Question

Among all triangles with a perimeter of 9 units, find the dimensions of the triangle with the maximum area. It may be easiest to use Heron's formula, which states that the area of a triangle with side length \(a, b,\) and \(c\) is \(A=\sqrt{s(s-a)(s-b)(s-c)},\) where \(2 s\) is the perimeter of the triangle.

Short answer

The dimensions of the triangle with the maximum area are (9/4, 9/4, 9/2).

Step-by-step solution

Determine the semiperimeter

Given the perimeter is 9 units, we can easily find the semiperimeter (s) by dividing the perimeter by 2: \(s = \frac{9}{2} = 4.5\).
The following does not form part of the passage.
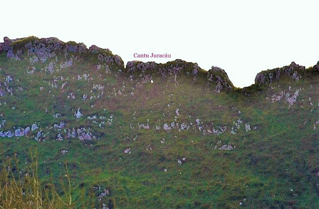 Dejamos el coche al lado del Sucón y tomamos un ancho camino que nos lleva a Rufresnu , lugar con grandes praderías y donde enseguida nos desviamos por un entretejido camino para observar la Cueva Rufresnu, no muy grande pero ubicada en un rincón precioso. Volvimos sobre nuestros pasos y ascendimos por la pradería encontrando una buena cuadra La Corte Rufresnu. Por buen camino nos acercamos a Llaborín , obteniendo excelsas panorámicas de la Peñe Villa, Llabres y los valles circundantes. Seguimos por pista para llegarnos a Las Xareras , con un conjunto rural impresionante y muy cuidado. Camino arriba, por cuesta bien pindia, vamos recorriendo la Conchuca, La Xerre , dejando abajo La Valleyona y nos desviamos por la Concha Baju con un senderín labrado en la caliza para tras dejar Las Conchas, llegar a las cabañas arregladas y cuidadas de La Venta, donde tomamos una fruta y esperamos a Pilar y César, Guías del Cuera. Pasado el Práu Collón, allá que empezamos a empericotarnos por una pindia ladera de terreno mixto de argaña y piedra, donde Julio - de pionero - ascendió hasta la cumbrera - mal terreno comentó- y cuando parecía que ya dábamos por zanjado la incursión para ver el " juracu calizo" , allá que dio con él y fuimos subiendo casi de uno en uno, por falta física de espacio para más. Una maraña de piedra, hierbas largas y brotes de avellanos - bien nos ayudaban para poder engancharnos y no resbalar- y allí que amanecimos en el Cantu Juracáu desde donde vimos cumbres míticas como el Urriellu, Llerosos o Torrecerredo... Bajando con toda la atención de la que somos capaces, Piluca y César se fueron ya a su cabaña y nosotros continuamos hasta el Senderu, con cuadras derruidas, y nos sentamos un ratín para comer un bocado y observar el Valle de Terviña con magnífica panorámica. Seguimos la marcha por las cuadras La Canal , dejando el Paré a nuestra derecha, para llegando al Práu Castillo, por terreno muy embarrado , presentarmos en Vega Antona con cuadras magníficas y buena juente. Allí giramos a la izquierda , y comenzamos a caminar por angosto camino y por la Xerre el Molín , fuimos descendiendo por terreno kárstico con mucha atención, para llegarnos a La Boriza, cumbre modesta pero desde la que se obtiene un panorama bellísimo de Meré y El Cuetu, así como de las Sierras colindantes...para no cansar de mirar!!! Por buen camino , dejando una gran cuadra en bastante mal estado, el Texu, salimos a una pista que nos llevaría al Colláu con ovejas en el prau y buena cuadra. Por pista y cruzando praos para acortar algo, pasamos por la Riega la Córcoba - de grandes recuerdos para nuestros amigos por haber pasado allí su infancia- y finalmente , parando en Debodes a asearnos un poco en su magnifica fuente- cruzamos el pueblo admirando sus cuidadas casas que han arreglado muchísimo y pasando por el complejo de Llanuamieva , llegamos al Sucón, donde en su estupendo bar tomamos unas claras después de haber pateado un buen tramo de terreno por esas tierras llaniscas tan desconocidas y bellísimas.

Rewrite Heron's formula with semiperimeter

We will rewrite Heron's formula, using s: \(A=\sqrt{s(s-a)(s-b)(s-c)}\).

Express one side in terms of the others

Since we know that the sum of the side lengths is equal to the perimeter, we can express one side in terms of the other two: \(a = 9 - (b+c)\).

Substitute and simplify

Replace \(a\) in the area formula with the expression from Step 3 and simplify: \(A=\sqrt{s(s-(9 - (b+c)))(s-b)(s-c)}\).

Apply the arithmetic mean-geometric mean inequality

To find the dimensions that maximize the area, we will use the arithmetic mean-geometric mean (AM-GM) inequality to relate the product of the side lengths to their arithmetic mean: \(\frac{b+c}{2} \geq \sqrt{bc}\).

Square both sides and simplify

Square both sides of the inequality and simplify: \(\left(\frac{b+c}{2}\right)^2 \geq bc\), \(\frac{(b+c)^2}{4} \geq bc\), \((b+c)^2 \geq 4bc\).

Use the inequality to find the optimal dimensions

Since the area is maximized when the inequality is an equality, we can set the inequality to be equal and solve for the dimensions: \((b+c)^2 = 4bc\). Substitute \(b+c=9-a\): \((9-a)^2=4(9b-9a)\). Solving for \(b\) yields \(b=a\).

Determine the maximum area dimensions

Since \(b=a\), we can say that the side lengths are \(a, a\) and \(9-2a\). To ensure that the triangle is valid, we need the sum of the two smaller sides to be greater than the longest side: \(a+a > 9-2a\), \(2a > 9-2a\), \(4a > 9\), \(a > \frac{9}{4}\). The other side, \(b=a\), must also be greater than zero, as side lengths cannot be negative. Since the two sides are equal and they both must be greater than \(\frac{9}{4}\), we can say that the optimal dimensions for the triangle with a maximum area are \(a=b=\frac{9}{4}\) and \(c=9-2a=9-\frac{9}{2}=\frac{9}{2}\). Therefore, the dimensions of the triangle with the maximum area are \(($$\frac{9}{4}\), \(\frac{9}{4}\), \(\frac{9}{2}$$)\).